A whirl of confused impressions spun about in her brain as she shut her eyes and tried to go to sleep that night. Although she ached with fatigue, she was too excited to lose consciousness at once. The day’s events, like a merry-go-round, wheeled around and around her. On the whole she was satisfied. She had finished all of the letters Mr. Beardsley had given her; he had beckoned her to come to him after he had read them, had commended her, and given her back but one to correct in which the punctuation was faulty.

“I’m sure you’ll do all right, Miss Sturgis,” he told her. “You’ll find it much easier as soon as you get used to the work.”

And Jeannette felt she had made a real friend in Miss Alexander, the girl across the aisle who had so generously, so wonderfully helped her. Among the riff-raff of girls that surged in and out of the office, cheaply dressed, loud-laughing, common little chits, Beatrice Alexander was easily recognizable as belonging to Jeannette’s own class. Each had discerned in the other a similarity of thought, of taste and refinement that drew them immediately together.

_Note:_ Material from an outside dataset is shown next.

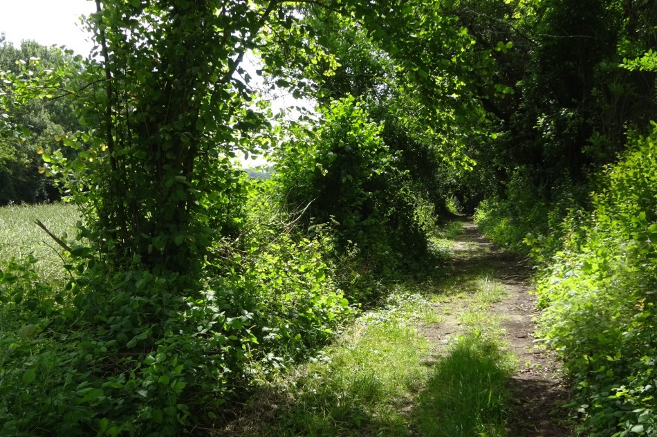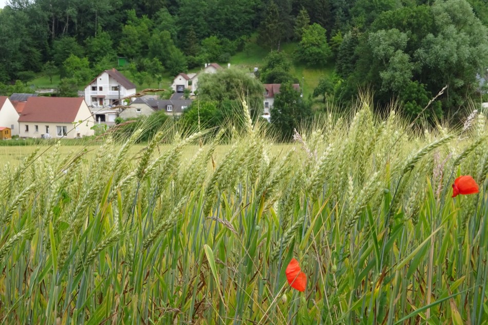 We actually had a pleasant walk today over the hills of Picardy, picking the cherries hanging from every wayside tree and photographing the poppies. We cut across farm tracks marked “Chemin private” and followed little streams gurgling through the pastures. We stopped in a village called Bruyeres et Montberault (2 villages) and I inspected the sophisticated coffee machine behind the bar. I ordered a cappuccino but it tasted like a British Rail coffee from the 1970s. But we had more luck next door in the boulangerie. I asked for “sandwich” Young mademoiselle immediately suggested “poulet” so with that as a starting point she gradually assembled our lunch baguette and when she suggested mayonnaise I said “non” to avoid the whole thing turning into egg mayo by mistake. It was as good as anything you’d buy in Pret and we had plenty of good fruit too.

A wonderful, tremendous feeling of importance and self-respect came to Jeannette as she had made her way across crowded Twenty-third Street and encountered a great tide of other workers homeward bound; as she climbed the steep elevated station steps, and with the pushing, jostling crowd wedged her way on board a train; as she hung to a strap in the swaying car and squeezed herself through the jam of people about the doorway when Ninety-third Street was reached, and as she walked the brief block and a half that remained before she was at last at home. Every instant of the way she hugged the soul-satisfying thought that she had proven herself; now she was truly a full-fledged wage-earner, a working girl. She had achieved, she felt, economic value.